Herkes kendi hesabını kendi kesiyor. Etnik köken, mezhep farkları, aşiret hesaplaşmaları, çıkar çatışmaları bahanesiyle toplumu saran "intikam" hırsı Irak’ın esas yöneticisi bugün.

"Kana kan intikam" zihniyetinin ilkelliğini frenleyecek düzenin sağlanamadığı bir ülkede, Saddam’ın idamı ile yeni bir intikam gösterisinden medet ummak, üstelik de bunun demokrasiye katkıda bulunacağını söylemek inandırıcı değil.

***

DÜN
, yeni yılın son gününe girerken, Türkiye’de ve dünyada Saddam’ın idam edilmesinin sonuçları tartışıldı. Türkiye, Irak’ın "iç işidir" diyerek tarafsız bir pozisyon benimsedi. Bırakın, işgal altındaki bir ülkenin iç işlerinden söz etmeyi, idam cezasını kaldırmış bir ülke olarak, Ankara’nın idama açıkça karşı çıkmasını beklerdim. Bu Saddam’ın suçlarını görmezden gelmek değildi.

Keşke Saddam, sadece 148 Şii’yi öldürdüğü için değil, Kürtlere, Türkmenlere yaptığı eziyetlerin de hesabını tanıklarla yüzleşerek vermek zorunda bırakılacak kadar uzun yargılanabilseydi. Bu, gelecek yönetimlere de bir mesaj olacak, ülkenin en fazla ihtiyaç duyduğu uzlaşma ortamına katkıda bulunacaktı.

***

SADDAM Hüseyin
’in idamı hangi sonuçlara yol açabilir? Şiddetin tırmanmasına neden olabilir mi? Irak’taki kaos ortamı zaten sürekli kendisinden olumsuz olarak etkileniyor. Şiddet şiddeti doğuruyor. Ama bu idam ulusal uzlaşmayı daha da zora sokacak. Sadece bölgedeki değil dünyadaki Amerikan karşıtlığını artıracak.

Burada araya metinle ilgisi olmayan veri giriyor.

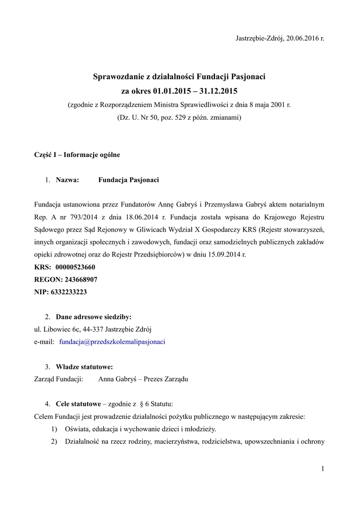 Jastrzębie-Zdrój, 20.06.2016 r. Sprawozdanie z działalności Fundacji Pasjonaci za okres 01.01.2015 – 31.12.2015 (zgodnie z Rozporządzeniem Ministra Sprawiedliwości z dnia 8 maja 2001 r. (Dz. U. Nr 50, poz. 529 z późn. zmianami) Część I – Informacje ogólne 1. Nazwa: Fundacja Pasjonaci Fundacja ustanowiona przez Fundatorów Annę Gabryś i Przemysława Gabryś aktem notarialnym Rep. A nr 793/2014 z dnia 18.06.2014 r. Fundacja została wpisana do Krajowego Rejestru Sądowego przez Sąd Rejonowy w Gliwicach Wydział X Gospodarczy KRS (Rejestr stowarzyszeń, innych organizacji społecznych i zawodowych, fundacji oraz samodzielnych publicznych zakładów opieki zdrowotnej oraz do Rejestr Przedsiębiorców) w dniu 15.09.2014 r. KRS: 00000523660 REGON: 243668907 NIP: 6332233223 2. Dane adresowe siedziby: ul. Libowiec 6c, 44-337 Jastrzębie Zdrój e-mail: fundacja@przedszkolemalipasjonaci 3. Władze statutowe: Zarząd Fundacji: Anna Gabryś – Prezes Zarządu 4. Cele statutowe – zgodnie z § 6 Statutu: Celem Fundacji jest prowadzenie działalności pożytku publicznego w następującym zakresie: 1) Oświata, edukacja i wychowanie dzieci i młodzieży. 2) Działalność na rzecz rodziny, macierzyństwa, rodzicielstwa, upowszechniania i ochrony 1 praw dziecka. 3) Wspieranie i upowszechnianie kultury fizycznej dzieci i młodzieży. 4) Działalność charytatywna na rzecz dzieci i młodzieży oraz rodzin w trudnej sytuacji życiowej. 5) Działalność w zakresie upowszechniania i popularyzacji kultury, sztuki, ochrony dóbr kultury i dziedzictwa narodowego wśród dzieci i młodzieży, zwłaszcza w sytuacji materialnej. 6) Ochrona i promocja zdrowia dzieci i młodzieży, zwłaszcza w trudnej sytuacji życiowej. 7) Pomoc społeczna, w tym pomoc rodzinom i osobom w trudnej sytuacji życiowej oraz wyrównywania szans tych rodzin i osób. 8) Upowszechnianie turystyki i krajoznawstwa wśród dzieci i młodzieży, zwłaszcza w trudnej sytuacji życiowej. 9) Upowszechnianie i popularyzacja oraz organizacja wolontariatu. 10) Działalność na rzecz integracji europejskiej oraz rozwijanie kontaktów i współpracy między społeczeństwami. 11) Podtrzymywanie i upowszechnianie tradycji narodowej, pielęgnowania polskości oraz rozwoju świadomości narodowej, obywatelskiej i kulturowej wśród dzieci i młodzieży. 12) Organizacja wypoczynku dzieci i młodzieży, zwłaszcza w trudnej sytuacji życiowej. 13) Promocja ekologii i ochrony zwierząt oraz ochrony dziedzictwa przyrodniczego. Fundacja realizuje cele poprzez (zgodnie z § 7 Statutu): 1) Prowadzenie kursów, warsztatów i zajęć dla dzieci i młodzieży oraz osób dorosłych. 2) Prowadzenie warsztatów i grup wsparcia dla rodzin, organizowanie szkoleń i poradnictwa dla rodzin, realizowanie programów prorodzinnych. 3) Organizowanie wsparcia finansowego i rzeczowego dla rodzin i dzieci zagrożonych ubóstwem i wykluczeniem w celu wyrównywania szans, oraz dla osób chorych i niepełnosprawnych wymagających pomocy przy leczeniu. 4) Organizowanie konkursów i upowszechnianie wśród dzieci i młodzieży wiedzy w zakresie wychowania w rodzinie, sportu i zdrowego trybu życia, kultury, dziedzictwa narodowego, turystyki i krajoznawstwa, wolontariatu, tradycji narodowej, wiedzy o Unii Europejskiej, ekologii i ochrony przyrody. 5) Zakładanie, prowadzenie, wyposażanie, utrzymywanie, kierowanie i zarządzanie przedszkolami. 2 6) Opracowywanie programów nauczania przedszkolnego i wczesnoszkolnego. 7) Prace badawcze związane z edukacją przedszkolną i wczesnoszkolną. 8) Prowadzenie profilaktyki i promocja zdrowia. 9) Prowadzenie konsultacji i terapii psychologicznej oraz logopedycznej dla dzieci i młodzieży. 10) Prowadzenie działalności stypendialnej. 11) Organizowanie wyjazdów turystycznych i edukacyjnych dla dzieci i młodzieży oraz rodzin. 12) Organizowanie szkoleń, seminariów i konferencji. 13) Organizacja imprez i przedsięwzięć oświatowych i edukacyjnych, rekreacyjnych, sportowych, kulturalnych oraz o charakterze integracyjnym. 14) Planowanie i realizacja kampanii społecznych i informacyjnych wspomagających realizację celów Fundacji. 15) Organizowanie zbiórek publicznych w kraju i za granicą. 16) Pozyskiwanie sponsorów stałych i okolicznościowych. 17) Współpracę z władzami samorządowymi, rządowymi i organizacjami pozarządowymi w zakresie wymienionym w celach działania Fundacji. 5. Odpisy uchwał Zarządu Fundacji – w załączeniu 6. Działalność gospodarcza Fundacja Pasjonaci jest wpisana do rejestru Przedsiębiorców Krajowego Rejestru Sądowego. Dochód z prowadzonej działalności gospodarczej służy wyłącznie realizacji celów statutowych. Działalność gospodarcza prowadzona jest w następującym zakresie: (działalność przeważająca) 8510.Z Wychowanie przedszkolne 8551.Z Pozaszkolne formy edukacji sportowej oraz zajęć sportowych i rekreacyjnych 8559.B Pozostałe pozaszkolne formy edukacji, gdzie indziej niesklasyfikowane 8891.Z Opieka dzienna nad dziećmi Część II – Informacje finansowe za okres 01.01.2015 – 31.12.2015 1. Przychody statutowe wg źródeł pochodzenia 3 Darowizny Dotacje ze źródeł publicznych FIO – lokalnie 2015 (Projekt „MY-MA-MY”) Program „Maluch” 2015 Przychody – przedszkole, żłobek Przedszkole - opłaty, czesne i wpisowe Przedszkole - zajęcia dodatkowe Żłobek – czesne, wpisowe, dodatkowe opłaty 128 829,47 zł 46 860,50 zł 3 916,50 zł 42 944,00 zł 133 793,11 zł 50 141,00 zł 7 571,10 zł 75 268,00 zł Pozostałe koszty 813,01 zł Pozostałe przychody operacyjne 701,41 zł RAZEM 310 184,49 zł 2. Koszty statutowe oraz administracyjne Koszty statutowe - realizacja zadań publicznych: 3 916,50 zł Zużycie materiałów i energii 921,00 zł Usługi obce 1 315,50 zł Wynagrodzenia 1 480,00 zł Koszty promocji i reklamy Koszty statutowe - przedszkole, żłobek 200,00 zł 212 769,14 zł Zużycie materiałów i energii 35 270,40 zł Usługi

Bir başka beklenti de bazı Şii çevrelerin iddia ettiği gibi, "Irak’ta yeni bir sayfa açacak bir adım" olması idamın.

Hayır. Saddam yakalandığında, ya da Zarkavi öldürüldüğünde vaat edilen huzur ortamı sağlanabildi mi? Bu idamın da Irak halkına bir faydası olmayacak.

Hele Irak’ın demokrasi sürecine katkısı hiç olmayacak. Çünkü demokrasi intikamcı değildir.

***

ETRAFTA sıkıntı ve acı çeken birileri varken, bayramlar yarım yamalak olur. Yine de acıların üstüne gitmek, sorunlara çözüm bulmak için bayramları bayram gibi yaşamak geleceğe inancı artırıyor, mücadele azmi veriyor insana. Bayramınız kutluyor, yeni yıla güçlü, umutla girmenizi diliyorum.